METHOD AND APPARATUS FOR ANALYSING NETWORK ROBUSTNESS

The present invention relates to analysis of the structure of networks. In particular but not exclusively, the invention related to assessing the robustness of a network topology when exposed to cumulative node failure. Such node failure may result from a node going out of service as a result of maintenance or a directed attack. In an ad-hoc mobile network a node may go out of service because it is out of range of nodes that it was previously in communication with.
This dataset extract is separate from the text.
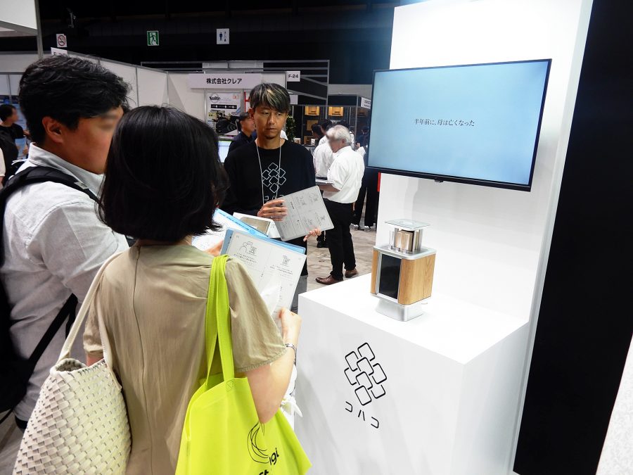 いま注目のAI(人工知能)を搭載した仏壇(アルファクラブ武蔵野㈱)も登場(写真上)。位牌を最大4柱まで格納し、仏前で故人の名前を呼び掛けると遺影が現れ、おりんの音を再生したり、命日や記念日など設定した日時にメッセージ動画・画像を再生することができます(遺品収納も可能)。人感センサーと音声認識機能により参拝者を判断し、最も共感できるコミュニケーションが取れるということです。今回出品したのは試作品で、最終調整後、来春の発売(35万円前後)が予定されています。

Different network topologies react differently to node failure and/or broken links (see R Albert, H Jeong, and A-L. Barabasi, "Error and attack tolerance of complex networks", Nature 406, pages 376-382 and R Cohen, K Erez, D ben-Avraham and S Havlin, "Resilience of the Internet to random breakdowns", Physics Review Letters 85, pages 4626-4628) and that mathematical techniques used in statistical physics can be used to describe the behavior of such networks in this situation (see D S Callaway, M E J Newman, S H Strogatz, and D J Watts, "Network Robustness and Fragility: Percolation on Random Graphs", Physics Review Letters 85, pages 5468-5471). Also, most artificial networks, including the Internet and the World Wide Web, can be described as complex systems, often featuring "scale-free" properties (see R Albert, H Jeong, and A-L. Barabasi, "Diameter of the World-Wide Web", Nature 401 , pages 130-131 , 1999; M Faloutsos, P Faloutsos, and C Faloutsos, "On Power-Law Relationships of the Internet Topology", ACM SIGCOMM '99, Computer Communications Review 29, pages 251-263 and B Tadic, "Dynamics of directed graphs: the world-wide Web", Physica A 293/1-2, pages 273-284).

As will be appreciated by those skilled in the art, robustness of a wide variety of real distributed architectures (telecommunication and transportation networks, power grids etc.) is a function of their topology and could therefore be evaluated on the basis of their blueprint. Similarly, several alternative designs could be compared before their actual implementation, in order, for example, to balance redundancy costs against increased resilience.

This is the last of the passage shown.